I’ve created a method to yours and it’s working here:
public User findByLogin(String login) {
CriteriaBuilder cb = entityManager.getCriteriaBuilder();
CriteriaQuery c = cb.createQuery(User.class);
Root user = c.from(User.class);
c.select(user).where(cb.equal(user.get(“login”), login));
TypedQuery q = entityManager.createQuery(c);
return q.getSingleResult();
}
and test:
@Test
public void shouldPersistUserInDataBase() throws Exception {
// given
assertEquals(1, userDAO.size());
User user = new User(“login”, “password”);
// when
userDAO.persist(user);
// then
assertEquals(2, userDAO.size());
User result = userDAO.findByLogin(“login”);
assertEquals(“login”, result.getLogin());
assertEquals(“password”, result.getPassword());
}
passes.
I will soon release WicketCool 0.7 where you will be able to see it in action.
If you have any other questions, let me know. You know my email address right?
I tried your code, but it still does not work.
I also asked this question in stackoverflow, some guys think this is a bug.
http://stackoverflow.com/questions/2101500/spring-3-0-orm-with-jpa-2-0-classcastexception/2102328#2102328
I created an issue in Spring JIRA. Hope this problem can be sloved soon.
which spring version do you use?
I recreated your code as close possible as I could, and it still works.
Is it a maven project? Can I see you pom?
By the way: Sydney right? You are lucky to have a summer now. Freaking freezing out here right now 🙂
You bet, very hot. I miss snow so much.
My project is maven project,
because of :http://jira.springframework.org/browse/SPR-6408
I use Spring, 3.0.1.BUILD-SNAPSHOT, Hibernate 3.5.0-Beta-3 .
I user Spring 3.0.0 and 3.5.0-Beta2.
I will update my dependencies tomorrow (as I go to bed right now) and tell you if anything changed. Ok?

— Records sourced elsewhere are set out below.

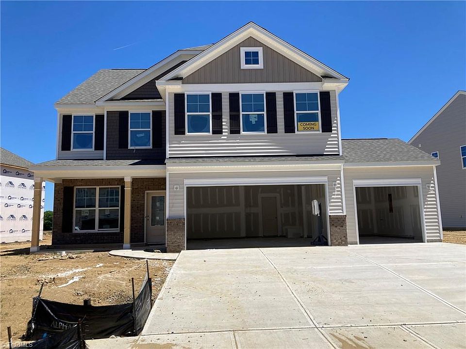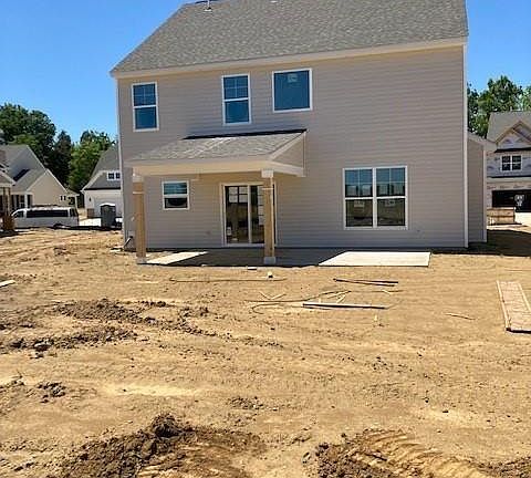 Drexel plan w/3car garage. 1st floor office, formal dining room w/bay window. Spacious open floor plan. Gas fireplace. Kitchen w/quartz countertops. Primary suite w/separate tub & tiled shower. Tile in all full baths. Vinyl plank flooring throughout 1st floor. Oak tread stairs. Oversized bedroom w/full bath on 3rd floor. Covered porch w/back patio.
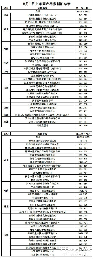 9月1日两节共计轮出储备棉30051.9250吨。9月1日第一节销售储备棉15013.0730吨,其中国产棉15013.0730吨、进口棉0吨。9月1日第二节销售储备棉15038.8520吨,其中国产棉15038.8520吨、进口棉0吨。
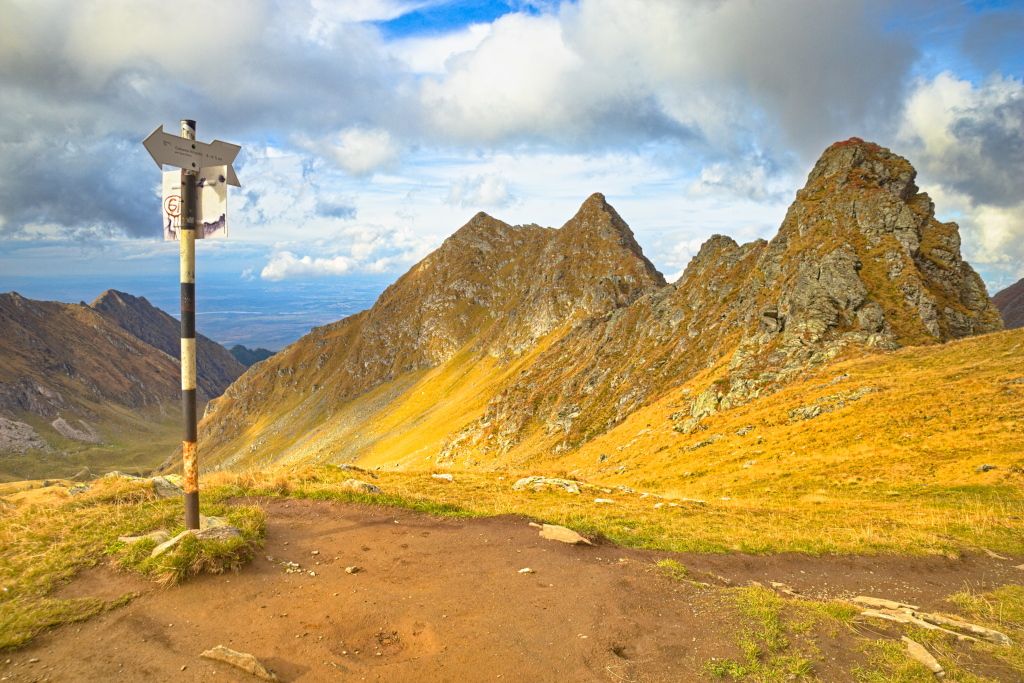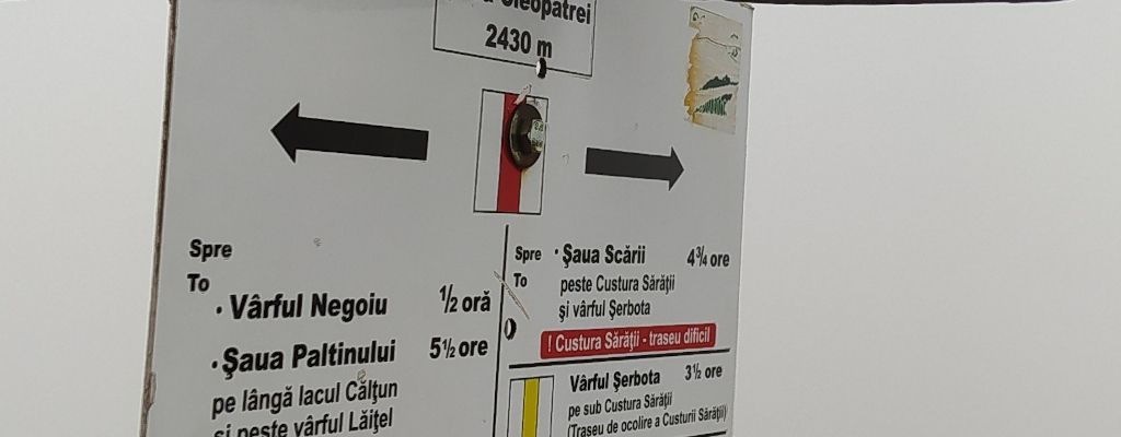 Po podejściu na przełęcz Saua Cleopatrei, idziemy dalej głównym szlakiem, mimo że tabliczka zawiera informacje o niebezpieczeństwie, które na nas tam czeka. Mam dość już schodzenia i podchodzenia obejściem!

Thanks, and have a sweet dream:)
[Spring-JIRA] Resolved: (SPR-6733) Spring 3.0 ORM with JPA 2.0 TypedQuery ClassCastException
They fixed this bug:)
ok, so it was hibernate3.5-beta3 problem (i’m still on beta2). Thx for the info.
Thanks for posting, the world needs more like this 🙂
I am trying to build/define a project and I am new to Maven. I wanted to develop web application on tomcat using Spring 3.0.3 , JPA and using Maven. I tried your article but I lost in middle as it doesn’t tell you steps from start i.e. step starting from maven to create project and then to configure it with JPA etc… Is it possible for you to write a article or give me guidance to write about project, may be with user login getting password using JPA from database. Actually I wanted to define good project structure using MAVEN.